Asylum is not actually a crime
For the migrants who do make it to the border - likely only a small percentage of the 7,000 in this particular group - many will probably attempt to seek asylum.
Per US Citizenship and Immigration Services, asylum seekers must "demonstrate [they] have suffered persecution or fear that they will suffer persecution due to" five factors: race, religion, nationality, membership in a particular social group, or political opinion.
The majority of migrants in the caravan are fleeing some of the world's most violent areas in terms of gang violence, murders per capita, and drug cartel control.
They have up to one year to apply for the status after they arrive in the US. The process can take up to 180 days and involves being fingerprinted and government officers running a check on all the claims being made in the application.

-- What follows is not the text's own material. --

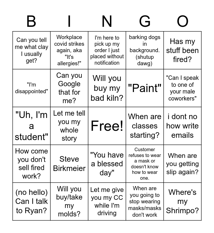 This bingo card has a free space and 24 words: Steve Birkmeier, Will you buy/take my molds?, Will you buy my bad kiln?, (no hello) Can I talk to Ryan?, Has my stuff been fired?, Can you tell me what clay I usually get?, "I'm disappointed", Workplace covid strikes again, aka "It's allergies!", When are classes starting?, "You have a blessed day", "Paint", "Uh, I'm a student", Customer refuses to wear a mask or doesn't know how to wear one., When are you getting slip again?, Can you Google that for me?, When are you going to stop wearing masks/masks don't work, i dont no how write emails, I'm here to pick up my order I just placed without notification, "Can I speak to one of your male coworkers", Let me tell you my whole story, Where's my Shrimpo?, How come you don't sell fired work?, barking dogs in background. (shutup dawg) and Let me give you my CC while I'm driving.

It is not a crime to enter the country without documentation if that person declares they are seeking the protected status.
During the administration of Barack Obama, undocumented immigrants would be detained initially but then released pending a court hearing to begin the process of granting asylum.
However, Attorney General Jeff Sessions has instituted a policy which essentially makes it a violation requiring detention.
It was what led to more than 2,000 children being taken away from families at the border as parents were jailed immediately and children cannot enter the US criminal justice system.
Instead, they were housed in separate ‘tent cities’ and centres along the border but also as far away as Chicago and New York.
After a massive public outcry from both Democrats and Republicans, Mr Trump signed an executive order this past June to end the policy, however, he has floated the idea of restarting it as he has been on the campaign trail.